Johnny's Rotten | Cover Story | Salt Lake City Weekly
Support the Free Press | Facts matter. Truth matters. Journalism matters
Salt Lake City Weekly has been Utah's source of independent news and in-depth journalism since 1984. Donate today to ensure the legacy continues.

News » Cover Story

Johnny's Rotten

Johnny Bangerter wants to move forward as an activist but just can't shake his racist punk past

by

10 comments

Page 3 of 3

6.jpg


But all that ended abruptly in 1995, Bangerter says, with the bombing of the Alfred P. Murrah Federal Building in Oklahoma City, which killed 168 people. Timothy McVeigh, the man convicted and later executed for the bombing, and co-conspirator Terry Nichols claimed to be motivated by the Waco raid, even timing the Oklahoma City bombing to coincide with the second anniversary of the Waco assault on the Branch Davidians.

McVeigh and Nichols had several connections to the militia movement. It wasn’t just Bangerter’s world McVeigh was connected to, but also Bangerter himself—ever so loosely. Phone records from McVeigh’s trial allegedly show phone calls between John Bangerter’s father’s house and a known member of the Michigan Militia, which held a meeting attended by Terry Nichols shortly before the bombing, though Bangerter denies a personal connection to the bombing.

He believes Oklahoma City was an inside job, perpetrated by the government to delegitimize the anti-government movement that Ruby Ridge and Waco had ignited. The phone records, Bangerter says, were faked, and he believes he narrowly escaped being framed and implicated in the bombing.

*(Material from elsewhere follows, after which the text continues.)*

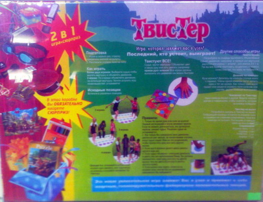 Вложение 2227 Настольная игра Супер-Твистер. Можно играть от 2-х игроков до большой команды. В зависимости от количества играющих можно выбрать правила игры .В ходе игры участники перемещают свои руки и ноги на кружки того цвета,на который указывает стрелка рулетки . Если игрок потерял равновесие и коснулся локтем или коленом коврика или упал- он выбывает из игры. Последний игрок, который остался "стоящим" после того, как все участники выбыли из игры. является победителем. В комплекте еще поле для "Мини-Твистера"- в нем игроки тренируют свои пальчики. Очень веселая командная игра,которая подходит как для детей, так и для взрослых. Игра учит сосредоточенности, улучшает координацию движений . Помогает замечательно провести время и дарит хорошее настроение. В наборе: Игровое поле 180х120 см, игровая рулетка со стрелкой- 1 шт., игровое поле "Мини-Твистер"- 1 шт.,игровая планшетка "Мини Твистер" со стрелкой - 1 шт.,коробка- 1 шт. Возраст: 6+ 20$ Производство: СПД Остапенко , г.Львов, Украина. |

But maybe that’s just John Bangerter, still “screaming” after all these years. Mark Potok, senior fellow at the Southern Poverty Law Center, covered the Oklahoma City bombing and trial for USA Today and today tracks racist leaders.

He recalls Bangerter’s legacy in the racist movement not as an influential philosopher or ideologue, nor as a real soldier or general, but as a “screamer”–someone who makes threats but never cocks a gun in pursuit of the goal.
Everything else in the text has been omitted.